2251.6SchematicFOO::BHAVNANISYS$UNWIND - laid back VMSFri Jun 28 1991 13:1936
	This should do it.  Note the "X" means the connections don't
	meet; they overlap.  R1 is an 820ohm resistor.  D1 is the LED.
	Remember to observe the LED polarity.  The band on the LED is
	connected to 0V.

	Basically, S1, S2 and S3 make up a 3PDT (3 pole double throw)
	switch.  In the "A" position,

	   S1 powers the preamp and the LED
	   S2 selects the acoustic input
	   S3 selects the pre-amp output

	In the "B" position,

	   S1 disconnects the battery
	   S2 selects the electric input
	   S3 selects the pre-amp input

                                         S1     A
 +---------------------+-----------------O====o---------------o 9V
 |                     | 9V                   o B
[R]                ____+____
[1]                |       | IN          S2     A
 |     OUT o--+----+  Pre  +----------+--O====o---------------o Acoustic I/P
 V            |    |  Amp  |          |       o---------------o Electric I/P
 - D1         |    ----+----          |         B
 |            |        | 0V           |
 |            |        |              |
 |            |        |    S3   A    |
 |            +--------X----O====o    |
 |                     |         o----+
 |                     |         B
 |                     |
 +---------------------+--------------------------------------o 0V

	/ravi
2251.7almost got itTOOK::SUDAMALiving is easy with eyes closed...Fri Jun 28 1991 14:0627
    Thanks, Ravi, I can follow this.

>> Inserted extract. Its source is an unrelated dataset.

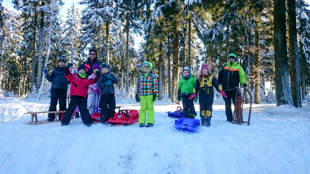 Der erste Teil des Weges war leider etwas zäh - durch den aufgewühlten Schnee mussten die Schlitten leider gezogen werden. Am Fuchstanz wurde daher der erstbeste gut befahrbare Weg genutzt, um mehrfach herunter zu sausen.

I was beginning to wonder if my
    problem was that you couldn't actually tie - on the battery to ground,
    but that doesn't seem to be the problem. However, what I incorrectly
    described as a 3-pole switch before, I've come to realize is actually a
    2-pole switch. Would it be possible to adapt your schematic as follows,
    or do I really have to get a 3-pole switch? And if I do need a 3-pole
    switch, any ideas on where I can find a heavy duty footswitch of that
    nature that would stand up to stomp box-type treatment?
    
                                         S1     A
 +---------------------+-----------------O====o---------------o 9V
 |                     | 9V                   o B
[R]                ____+____
[1]                |       | IN          S2     A
 |     OUT o--+----+  Pre  +-------------O====o---------------o Acoustic I/P
 V            |    |  Amp  |                  o---------------o Electric I/P
 - D1         |    ----+----                  | B
 |            |        | 0V                   |
 |            |        |                      |
 |            |        |                      |
 |            +--------X----------------------+
 |                     |
 |                     |
 |                     |
 +---------------------+--------------------------------------o 0V
    
    - Ram
2251.8CMOS switchFOO::BHAVNANISYS$UNWIND - laid back VMSTue Jul 02 1991 14:2218
	Ram,

	There may be a problem with your config - the O/P of your box
	always sees the elctric guitar I/P.  If you short the electric
	I/P (to kill it), you'd also be shorting the O/P of your pre-amp.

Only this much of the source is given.